- Film poster
- Directed by: Grace Glowicki
- Written by: Grace Glowicki; Ben Petrie;
- Produced by: Grace Glowicki; Ben Petrie; Yona Strauss;
- Starring: Grace Glowicki; Ben Petrie; Leah Doz; Lowen Morrow;
- Cinematography: Rhayne Vermette
- Edited by: Lev Lewis
- Music by: U.S. Girls
- Distributed by: Cartuna; Dweck Productions;
- Release date: January 24, 2025 (Sundance);
- Running time: 84 minutes
- Country: Canada
- Language: English
- Budget: <$350,000
- Box office: $108,513

= Dead Lover =

2025 film

Dead Lover is a 2025 Canadian comedy film directed, co-written, produced by and starring Grace Glowicki, co-writer Ben Petrie, Leah Doz, and Lowen Morrow. Inspired by Mary Shelley's 1818 novel Frankenstein; or, The Modern Prometheus, it follows a woman's attempt to resurrect her deceased lover.

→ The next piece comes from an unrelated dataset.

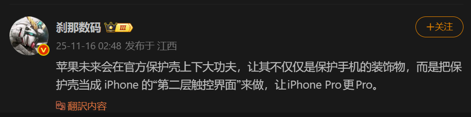 Weiboで情報を発信するInstant Digitalによれば、AppleはiPhone Proシリーズ向けにタッチセンサー層を組み込んだケースを準備しているとのことです。これにより、ケースが単なるアクセサリーではなく、端末の操作を担う“外部タッチパネル”のような存在になる可能性があります。

The film debuted at the Sundance Film Festival in the Midnight category on January 24, 2025. Yellow Veil Pictures serves as its sales agency.

==Plot==

A gravedigger finds the love of her life, a poet named Lover at the funeral of his sister. However, their love affair ends when he drowns at sea and only a severed finger is left of his body. She resurrects him using scientific experiments.

==Production==
Grace Glowicki made her directorial debut with Tito in 2019. Dead Lover was co-written by Glowicki and Ben Petrie. Glowicki, Petrie, and four friends drafted ideas for a film and then acted it out with friends from community theatre. After the script was completed the cast, which were not assigned characters at the time except for Glowicki, rehearsed it over the course of six weeks. The actors were given their characters three weeks before shooting.

Dead Lover was shot on 16 mm film using an Arri SR3 and Bolex over 16 days at AstroLabs Studios in Toronto, for less than $350,000. All of the sets were two black box stages that were redecorated for each scene. Glowicki wanted the film to be similar to "DIY, low-budget experimental theater."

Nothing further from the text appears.